● PROVIDED RECORDS:

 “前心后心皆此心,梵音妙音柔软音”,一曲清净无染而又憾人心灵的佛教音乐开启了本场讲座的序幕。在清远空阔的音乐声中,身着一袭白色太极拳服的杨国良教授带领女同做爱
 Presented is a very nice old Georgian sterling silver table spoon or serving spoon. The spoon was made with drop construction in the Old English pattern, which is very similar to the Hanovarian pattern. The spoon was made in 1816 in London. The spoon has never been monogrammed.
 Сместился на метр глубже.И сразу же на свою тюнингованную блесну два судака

==

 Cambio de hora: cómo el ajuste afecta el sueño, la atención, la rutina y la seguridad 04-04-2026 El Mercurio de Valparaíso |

● TASK INSTRUCTIONS: Looking at the data above, write out exactly the lines that start at the one containing "Presented is a" and end at the one containing "Сместился на метр"; include both and nothing beyond.

● OUTPUT FOR THIS EXERCISE:
 Presented is a very nice old Georgian sterling silver table spoon or serving spoon. The spoon was made with drop construction in the Old English pattern, which is very similar to the Hanovarian pattern. The spoon was made in 1816 in London. The spoon has never been monogrammed.
 Сместился на метр глубже.И сразу же на свою тюнингованную блесну два судака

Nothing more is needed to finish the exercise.